Eso en lo que el hombre pone su confianza es como el terreno del que un árbol toma su alimento y su lozanía. De ahí que se compare al impío con un cardo que echa sus raíces en la estepa, lugar árido e inhóspito (v. 6): no podrá dar fruto ni durar mucho. También el hombre piadoso está caracterizado a partir de la intimidad: confía en el Señor, y por eso se parece a un árbol que hunde sus raíces junto al agua (cf. Sal 1), que no teme las estaciones ni las vicisitudes: ni desaparecerá ni se volverá estéril (vv. 7ss), porque pone su fundamento en el Señor y en él encuentra su protección.

Comentario de la Segunda lectura: 1 Corintios 15,12.16-20 Si bien la resurrección de Jesús constituye el fundamento de nuestra fe, por otro lado constituye la base de nuestra esperanza: por esa verdad está dispuesto Pablo a jugarse su credibilidad personal, y lo hace con las «cartas boca arriba». Existe una relación estrecha entre la resurrección de Cristo de entre los muertos y nuestra resurrección.

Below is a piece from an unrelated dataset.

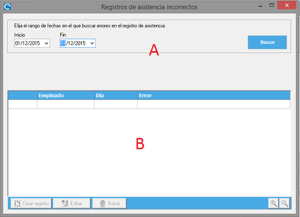 B: Aquí se cargará la lista de registros de asistencia incorrectos.
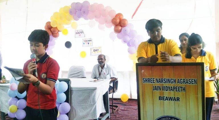 श्री वर्द्धमान समिति द्वारा संचालित श्री नृसिंह अग्रसेन जैन विद्यापीठ, सेंदड़ा रोड, में आज विद्यार्थियों ने शिक्षक दिवस मनाया। इस अवसर पर प्रधानाचार्या डॉ निवेदिता पाठक, उपप्रधानाचार्य श्री नागेश राठौड़ , कार्यालय अधीक्षक श्री अजय चौधरी ने सरस्वती मां के के समक्ष माल्यार्पण कर प्रज्वलन किया। विद्यार्थियों ने शिक्षकों का तिलक ,माला, कार्ड और चाकलेट के साथ सम्मान किया। विद्यार्थियों द्वारा भाषण , नृत्य और गायन प्रस्तुत किया गया और साथ ही विभिन्न प्रकार के रोचक खेल भी खेले। शिक्षकों ने भी अपने विचार भाषण और गायन के माध्यम से प्रस्तुत किए।

Es lo que intuyó el apóstol en el camino de Damasco y lo que le ha sostenido siempre a lo largo de su vida apostólica: ha encontrado a un Ser Vivo que ha vencido a la muerte. No tiene la menor duda de que de esa victoria brota para cada creyente el don que le permite esperar más allá de todas las humanas posibilidades. Una esperanza no sólo terrena, sino ultraterrena: por eso no somos los cristianos gente que tenga que ser compadecida; al contrario, tenemos recursos para consolar y confortar a los otros. Cristo resucitado es, en efecto, «como anticipo de quienes duermen el sueño de la muerte» (v. 20), es «el primogénito entre muchos hermanos» (Rom 8,29). Detrás de él, y en virtud de él, el alegre acontecimiento de la resurrección es y será experiencia de todos los que acojan a Jesús como Salvador.

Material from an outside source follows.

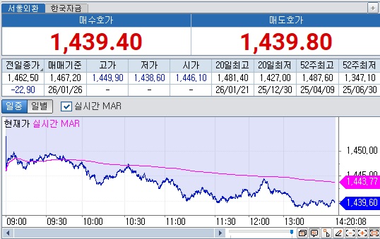 원·달러 환율 26원 넘게 하락하며 1440원 하향, 연중 최저

La esperanza cristiana se expresa asimismo en estos términos: la muerte ha sido vencida; la vida nueva en Cristo ya ha sido inaugurada; en Cristo viviremos para siempre la plenitud de la vida, en la totalidad de nuestro ser humano: cuerpo, alma y espíritu. No se trata, por consiguiente, de una esperanza atribuible a criterios humanos, sino de una esperanza-don, prenda de un bien futuro, que superará todas las previsiones humanas.

Comentario del Santo Evangelio: Lucas 6,17.20-26 Comienza aquí —y continúa hasta Lc 8,3— la llamada «pequeña inserción» de Lucas respecto a Marcos, su fuente. Lucas, a diferencia de Mateo, reduce las bienaventuranzas de ocho a cuatro, pero a las cuatro bienaventuranzas añade cuatro amenazas. Según la opinión de los exégetas, Lucas nos presentaría una versión de las palabras de Jesús más cercana a la verdad histórica, y esto tiene su particular relevancia. Con todo, bueno será recordar que la mediación de los diferentes evangelistas a la hora de referir las enseñanzas de Jesús no traiciona la verdad del mensaje; al contrario, la centran y la releen para el bien de sus comunidades.
Tanto las ocho bienaventuranzas de Mateo como las cuatro de Lucas pueden ser reducidas a una sola: la bienaventuranza —es decir, la fortuna y la felicidad— de quien acoge la Palabra de Dios en la predicación de Jesús e intenta adecuar a ella su vida. El verdadero discípulo de Jesús es, al mismo tiempo, pobre, dócil, misericordioso, obrador de paz, puro de corazón... Por el contrario, quien no acoge la novedad del Evangelio sólo merece amenazas, que, en la boca de Jesús, corresponden a otras tantas profecías de tristeza y de infelicidad. La edición lucana de las bienaventuranzas-amenazas se caracteriza asimismo por una contraposición entre el “ya” y el «todavía no», entre el presente histórico y el futuro escatológico. Como es obvio, la comunidad para la que escribía Lucas tenía necesidad de ser invitada no sólo a expresar su fe con gestos de caridad evangélica, sino también a mantener viva la esperanza mediante la plena adhesión a la enseñanza, radical, de las bienaventuranzas evangélicas.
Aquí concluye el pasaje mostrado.